# Line breeding



## bunnylover (Nov 1, 2007)

How closely can you line breed rabbits? I have a trio of Californians, and I want to expand by another buck and 2 or 3 more does at least. The 2 does are mother and daughter, and the buck is unrelated to either of them. If I kept a buck from one doe's litter, would it be safe to breed him to the does of the other doe's litter? Or could I breed them back to the sire? I hope that makes sense...


----------



## MaggieJ (Feb 6, 2006)

Unless there are "bad genes" in there, you can linebreed rabbits for generations without encountering any decline. Linebreeding enhances characteristics both desirable and undesirable, so if there is an inherited weakness then yes, it can become worse. If there is a strength the offspring will improve. That's an oversimplification, but it gives you the basic idea.

I'm sorry, I can't recall if you are raising for meat or for other reasons. If for meat you have no worries at all. You will be eating most of the rabbits and will only save the very, very best. 

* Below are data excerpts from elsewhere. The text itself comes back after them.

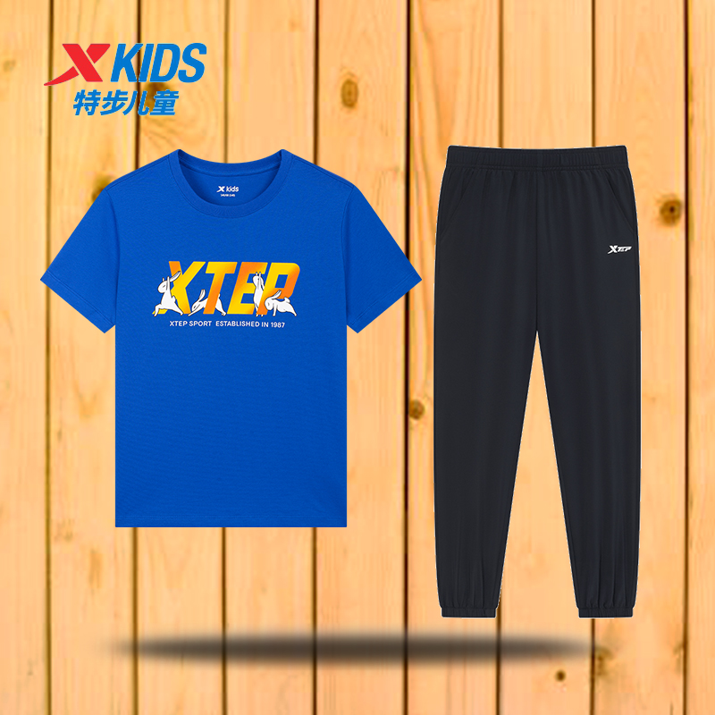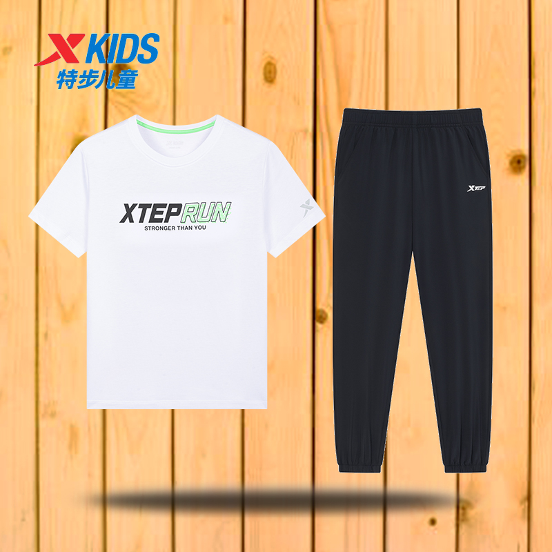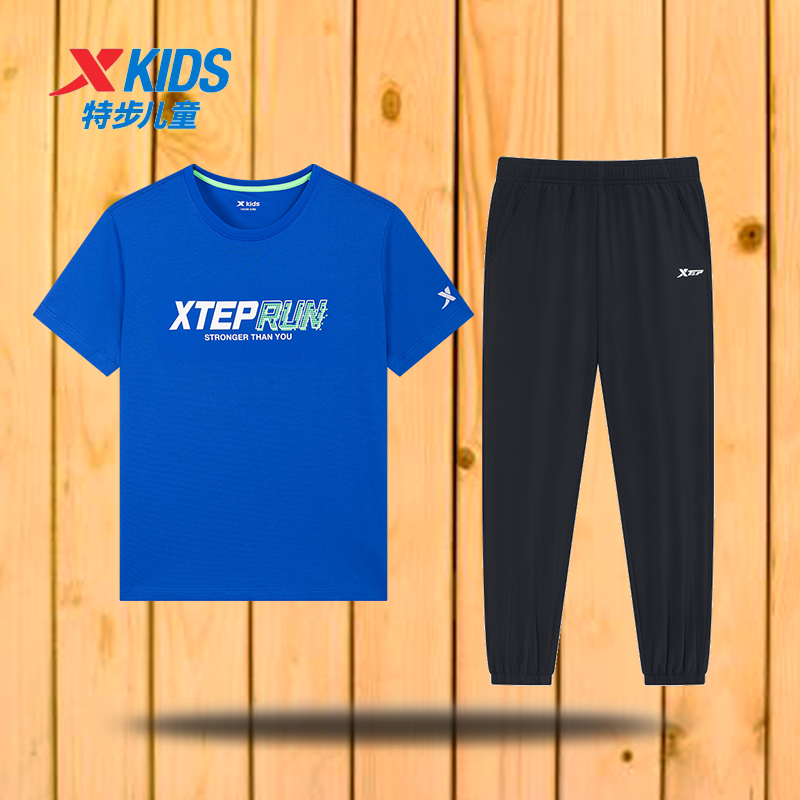 特步童装男童秋季短袖套装2025新款儿童速干T恤大童男孩运动夏装
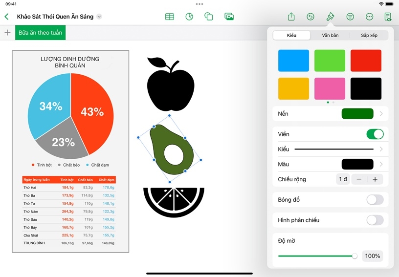 , chạm vào tab Kiểu, sau đó chọn màu nền mới, thêm đường viền, điều chỉnh độ mờ, v.v..
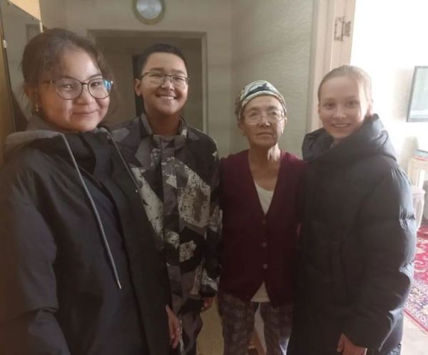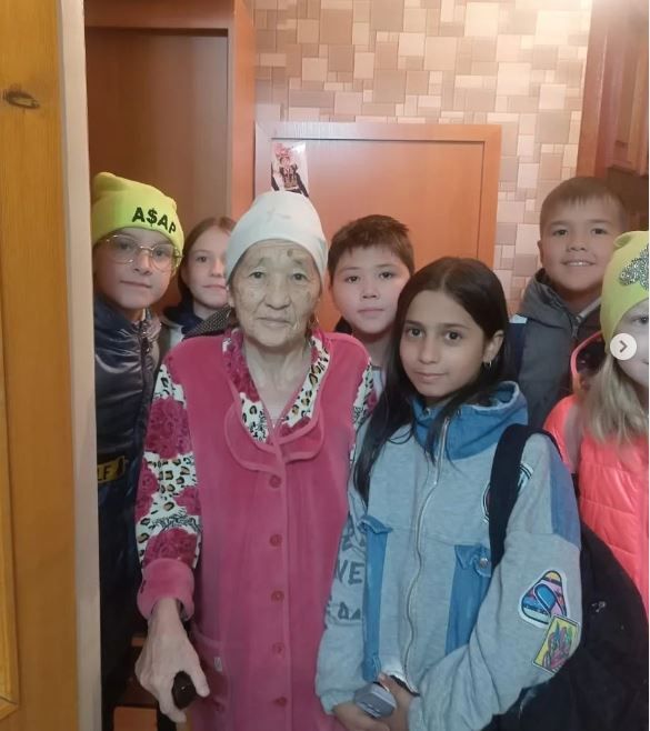 Учащиеся 5 "В" класса поздравили труженицу тыла, Мукашеву Нурзию, с Днём пожилых людей. Пожелали здоровья и долгих лет. Классный руководитель Свинцицкая Т.Ю.
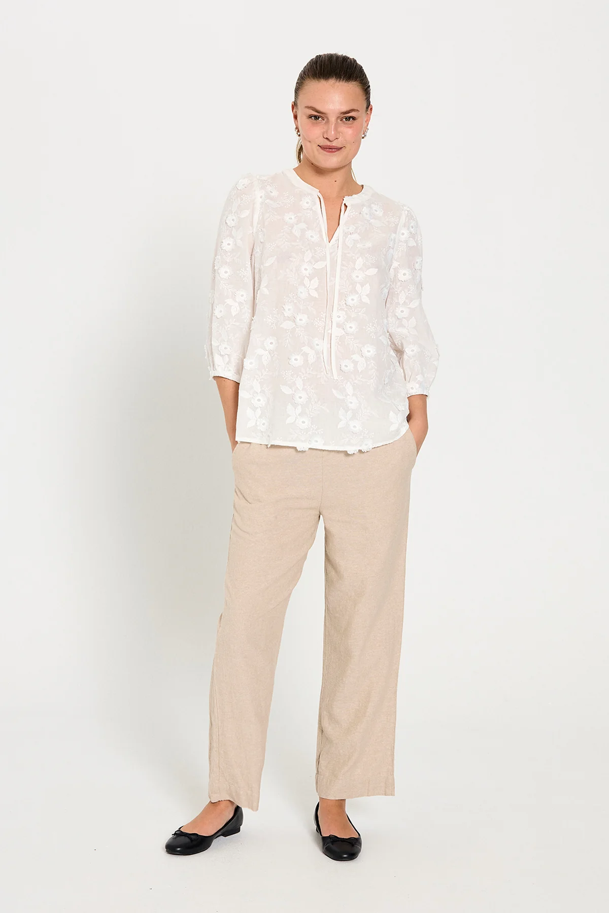 Super lækre hør- og viskosebukser fra FREE/QUENT med ankellængde i sand. Bukserne har en løs pasform, elastik i taljen med snøre, høj talje og sidelommer.
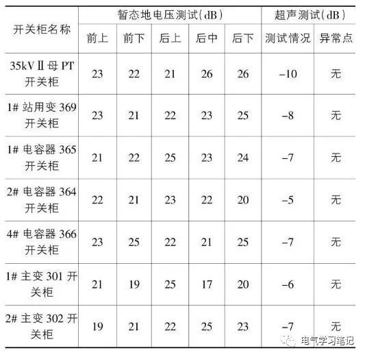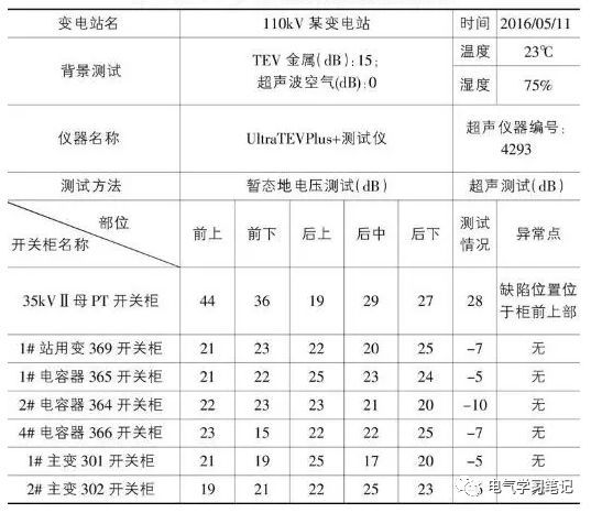 2016年5月11日,當(dāng)操作人員檢查一個(gè)110千伏變電站35kV的高壓室時(shí),他們聽到輕微的間歇放電噪音。通知維護(hù)人員后,測(cè)試人員趕到現(xiàn)場(chǎng),使用了UltraTEVPlus+測(cè)試儀。對(duì)電壓為11+35千伏和0+的110千伏高壓室進(jìn)行了瞬態(tài)地電壓試驗(yàn)(TEV)和超聲波局部放電試驗(yàn)(兩種檢測(cè)方法的數(shù)據(jù)如下表所示)。
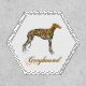 Red brindle greyhound with text "Greyhound" on white background.
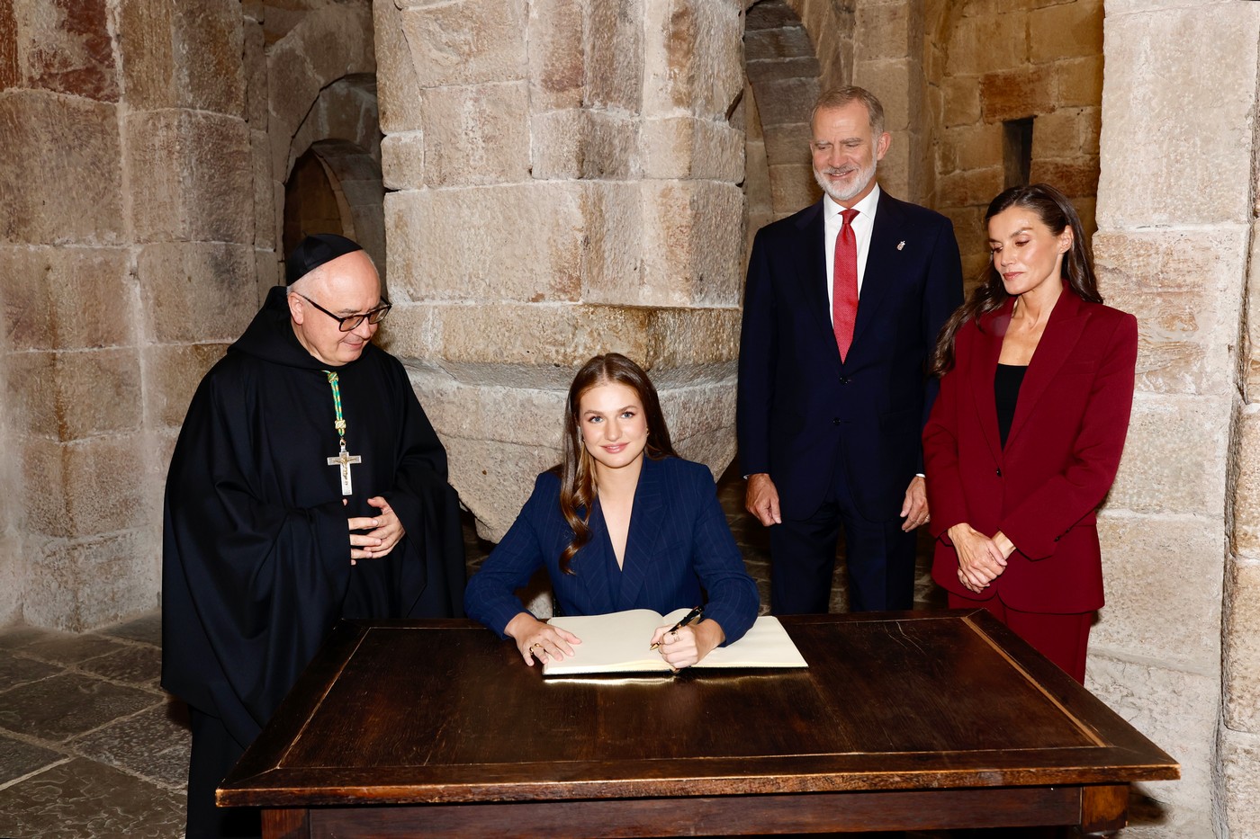 La Princesa Leonor firmó en el Libro de Honor del Monasterio de San Salvador de Leyre. Posteriormente los monjes regalaron a los Reyes y la Princesa un libro y una botella de licor de hierbas y una de ginebra elaborada por los monjes.

I've been inbreeding my mutts for the past three years. My senior doe, Patches, is the mother of my buck (Tao) and my two other does. Tao and Tuppence were sired by the same (unrelated) buck and are full siblings. The youngest doe, Polly, who has not yet been bred, is Patches' by Tao... and I have no qualms about breeding Polly to Tao this spring. So far, the rabbits are just getting better and better... but I cull very, very hard. If a rabbit that looks promising at 12 weeks doesn't look equally promising at 4 -5 months, it goes straight to freezer camp. And if this stops working for me, I will know it is time to bring in new blood.


----------



## jil101ca (Jul 2, 2007)

I line breed as well. I often breed father to daughter, mother to son. ect. The only rule is you can not breed a full brother and sister. I'm not sure why, I was told not to so I don't. I don't to chance 3 eared rabbits.


----------



## KSALguy (Feb 14, 2006)

brother to sister isnt bad at all, as you can see by Maggie's example, you can breed any rabbit to any rabbit regardless of genetic relationship and be fine, you just cant keep anything but the best as replacements or you will get into trouble just cause you didnt cull properly, 

if you breed closely related animals and the whole litter is bad you probably shouldnt breed ANY of them includeing the parrents ever again due to the fact that even if you used a differint unrelated partner in the next breeding your still passing on the bad traits. so cull responcibly and your fine,


----------



## General Brown (Jan 10, 2008)

jil101ca said:


> I I don't to chance 3 eared rabbits.



Now, just what would be wrong with a meat rabbit having 5 legs?


----------



## jil101ca (Jul 2, 2007)

5 legs would be ok, better yet would be thighs .:goodjob:


----------



## Honorine (Feb 27, 2006)

I've got rabbits that are their own granpa, I linebreed by choice. I want to fix traits and make the litters as uniform as possible, and for the most part they are. I was pretty weirded out the first time I bred my Cremes, because they weren't really linebred and the litter of 10 was all over the map in charateristics. Although its common to discourage full sibling breedings in most species its not as big of a no no in rabbits. There was a study done where rabbits were full sibling crossed for 18 generations before problems surfaced. Rabbits can handle quite a bit of inbreeding.


----------



## SquashNut (Sep 25, 2005)

I think we have decided not to line breed. Unless we have no other choice.
There is in-breeding and line breeding. In-breeding is brother to sister and mother to son and father to daughter.
Line breeding is uncles , aunts, cousins, and grand parents.
you can run into alot of problems with either system of breeding. Including fertility and growth rate problems, not just deformanties.
There are charts on the web showing how to line breed.


----------



## Beaners (Feb 23, 2005)

I just want to repeat what was said about inbreeding and linebreeding only bringing out traits that are already there. I like linebreeding in lots of different animals because it really shows you what traits are "hidden" in the lines. Brother/sister breedings are fine, especially if it is a terminal cross. Cull like crazy (which is a good habit regardless) and you will get good results.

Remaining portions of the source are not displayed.